I just got back from a fabulous week at the Write by the Lake writers retreat in Madison, Wisconsin. If you’re searching for conferences to attend next year, I highly recommend this program. I’ve gone the last three years. They offer a dozen different course options that provide intense study into a specific genre or practice for the week. Courses are for all levels from introductory to those with a full manuscript looking for a masterclass.

This year, I swayed from my usual path of nonfiction and opted for the course on picture book writing.

Here’s what I learned: 

My instructor, Georgia Beaverson, had us do a writing prompt on the first day. We had to write down our first memory. The second day we rewrote that memory from another person’s point of view. She then made us edit our wordcount down by HALF (oh, the agony). 

She said we could also try reworking the piece into different tenses, illustrating that a story can be told in many different ways, by different people, and sometimes reworking it can lead to great discoveries.
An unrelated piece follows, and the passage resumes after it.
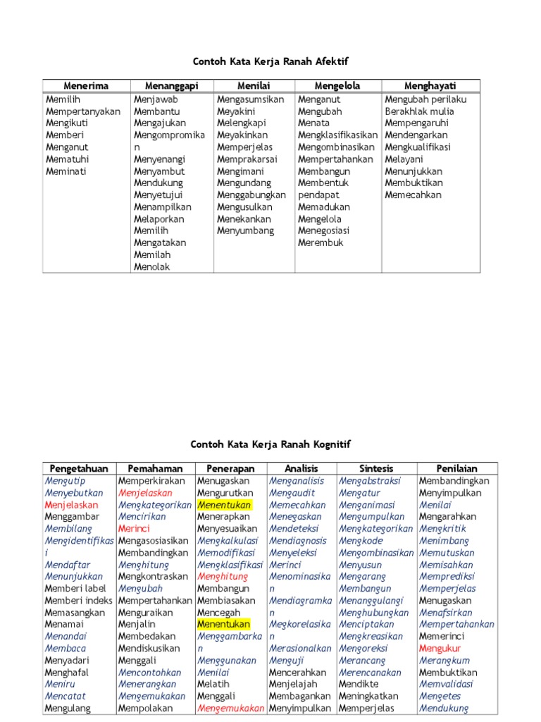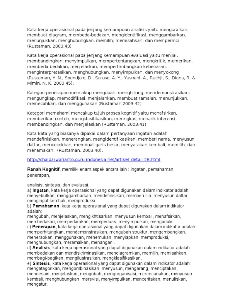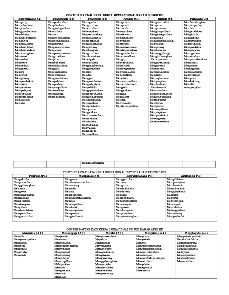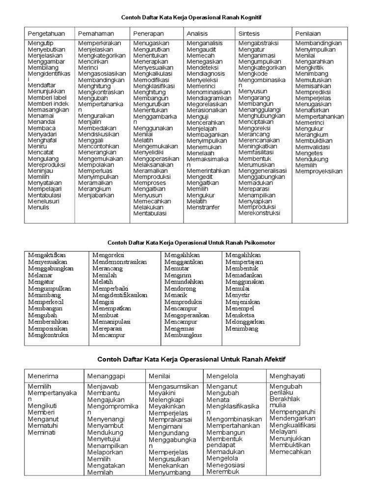 Doc Contoh Daftar Kata Kerja Operasional Ranah Kognitif Contoh

I’ve been working on my memoir for the last several years, and I’ve reworked some of my essays to be performed for adult storytelling. (I highly recommend taking a storytelling class if you have one in your area. I took one two years ago and it was wonderful!) What I learned by doing so was that moving around and utilizing the space I could tell in, I imagined new ways of describing the action or character emotions in my writing. Performing the scene helped me write a stronger scene.

In the picture book writing class, I adapted one of my essays to be told as a children’s picture book. The audience was entirely different, since I’d previously written and performed for adults. In this instance, I played up sounds, using onomatopoeia, stronger verbs, and I limited description where illustrations could play a role.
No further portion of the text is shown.